Теперь она вдруг подумала об этом, и была буквально потрясена.
Впрочем, до чего же она глупа!
Само собой понятно, что английский джентльмен, привлекательный внешне, отличный наездник да к тому же очень богатый, должен иметь успех у женщин.
Дэвид, например, с невероятной выразительностью живописал, как его обольщали в Лондоне. Но Дэвид еще очень молод, а у Дорана за те десять лет, что разделяли его и Дэвида, ясное дело, было немало романов.
Соображения такого рода раньше просто не приходили в голову Эйлиде, но теперь невероятно взбудоражили.
Что, если Доран, безразлично относится к ней просто потому, что она менее привлекательна, чем другие его женщины? А может, он и сейчас любит другую?
Может, именно у этой другой он был вчера и вообще ради нее; вернулся в Лондон?
Если все это не связано с другой женщиной, почему он так скрытен?
Проще простого было бы сказать, что он должен уехать из Лестершира в связи с неотложным делом. Она бы это поняла, ведь он говорил, что нажил состояние благодаря торговым операциям.
Если он вернулся ради женщины, он не сказал бы правды, не захотел бы, чтобы Эйлида узнала, кто эта женщина.
Эйлида ходила взад и вперед по библиотеке, гадая, как выгладит эта неведомая женщина и настолько ли она хороша, чтобы Доран никогда не мог ее забыть.
Эйлида находилась в полном одиночестве, и воображение ее разыгралось не на шутку — она словно грезила наяву.
Она придумывала множество историй, в которых Доран был увлечен, очарован и покорен прекрасными женщинами, нисколько не похожими на нее самое.
Брюнетки или рыжеволосые, они, как на подбор, были остроумны, занимательны и умны. Каждая обладала чувственным, гибким изяществом, змеиной грацией движений.
В конце концов, измученная до изнеможения подобными мыслями о Доране, Эйлида присела на стул возле открытого французского окна и заставила себя заняться чтением книги, которую собиралась подарить ему. Иллюстрации в книге были чудесные, каждый дом художник изобразил с большим мастерством. Блэйк-холл выглядел на картинке внушительно и очень красиво.
Чувство тоски по родному дому внезапно овладело Эйлидой. Ей не просто хотелось туда вернуться, ей хотелось, чтобы там она оказалась вместе с матерью и отцом.
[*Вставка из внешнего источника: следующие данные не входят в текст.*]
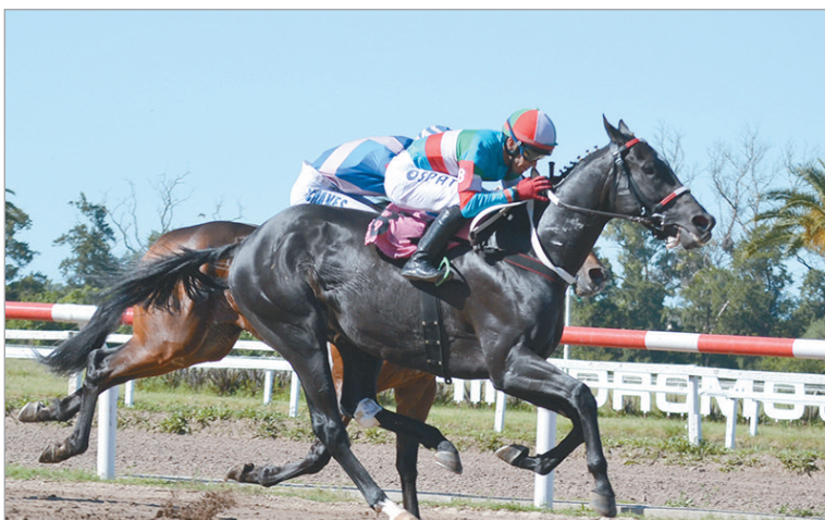
De atropellada. Cargando desde el fondo en los metros postreros Glorioso Rim dio caza a nuestro candidato Ridge Prince

Hándicap reservado para todo caballo de 4 años y más edad, ganador de tres o más carreras, ocupó el sexto

Почему, ну почему они ее покинули?
Слезы затуманили глаза, но в то же время отчего-то померк солнечный свет. С удивлением Эйлида сообразила, что через французское окно кто-то вошел в комнату. Сначала она не разглядела, кто это. Она вытерла слезы, глянула — и ахнула.
Китайцы, которых она уже видела дважды, находились в комнате и стояли по обе стороны от Эйлиды.
Она смотрела на них в оцепенении, пока человек с косой не поднес палец к губам и не произнес шепотом:
— Никакой… шум!
Он говорил так странно, что Эйлида решила немедленно закричать — только бы лакей в холле услышал этот ее крик!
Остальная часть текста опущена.